# Travel cages



## flyboy (Nov 22, 2011)

Hello, everybody I am a new owner of a 2 year old male cockatiel named Flyboy. He was raised by a breeder and lived in an aviary he is not fully tame. I'm traveling for thanksgiving and am wondering what the best and safest way to transport my tiel. I would appreciate advice.


----------



## MeanneyFids (Aug 24, 2010)

does he have a cage where he is going? if not, best bet is a smaller cage is good to cover both travel and stay. i would assume that is what the covered travel cage would be.


----------



## sunnysmom (Sep 23, 2011)

I recently purchased a travel cage for my tiel to go with us for Thanksgiving. I'm still debating about taking his regular cage with us or not. But it's nice to have the option of leaving him in the travel cage and I think he'll just be a lot more comfortable on the road in the travel cage.

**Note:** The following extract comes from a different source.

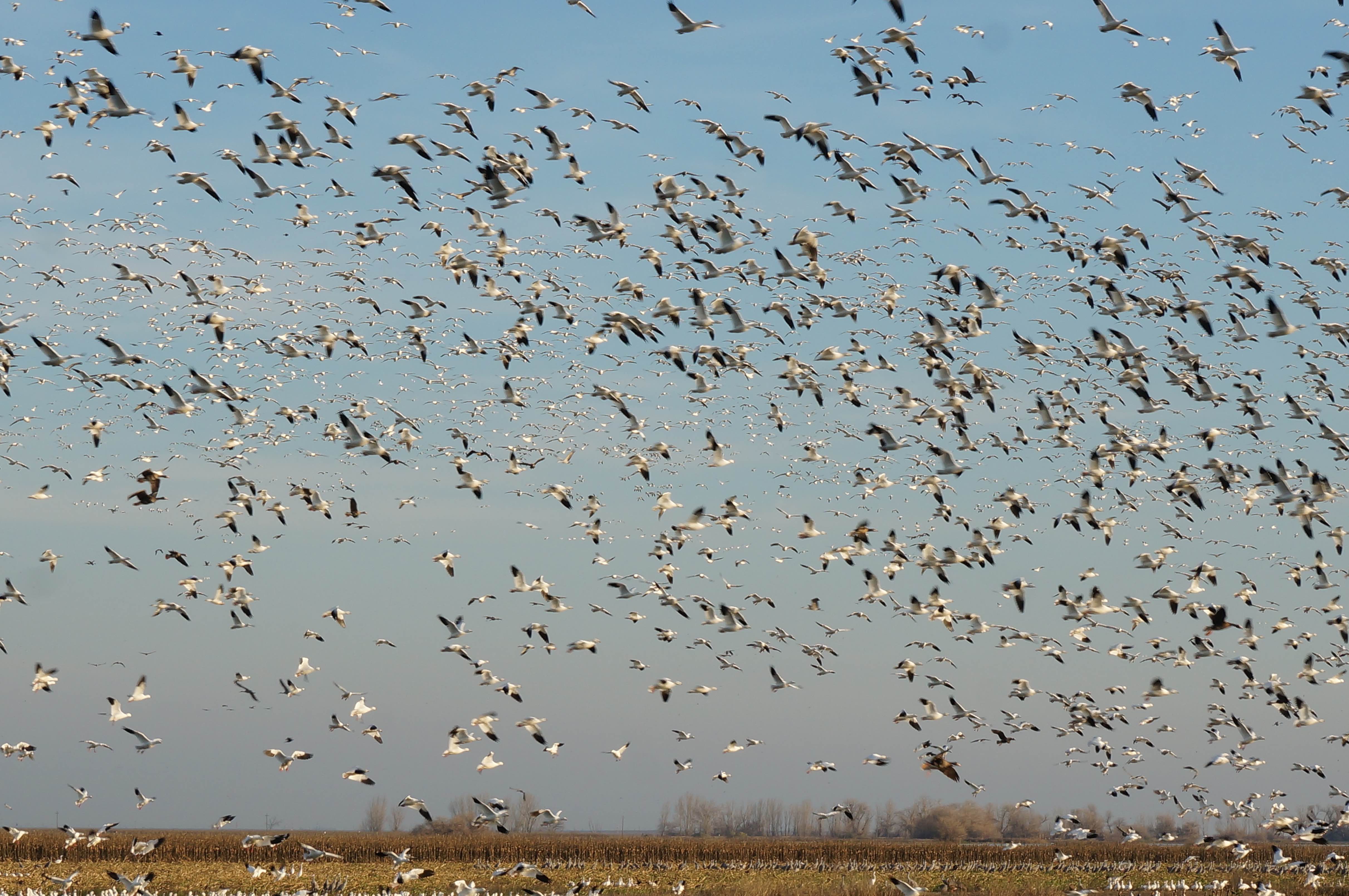 Sandhill cranes and snow geese flocking at dusk

I think the carrier is okay for short trips, but not far.


----------



## lperry82 (Aug 2, 2010)

I use a small pet carrier which i got for my rabbits when i took them to the vets
i take my tiels in it too, dusty is using it in my avatar


----------



## flyboy (Nov 22, 2011)

The trip is 3.5 hours I think he'll be okay.


----------



## flyboy (Nov 22, 2011)

Thank you lperry82 for the videos and advice


----------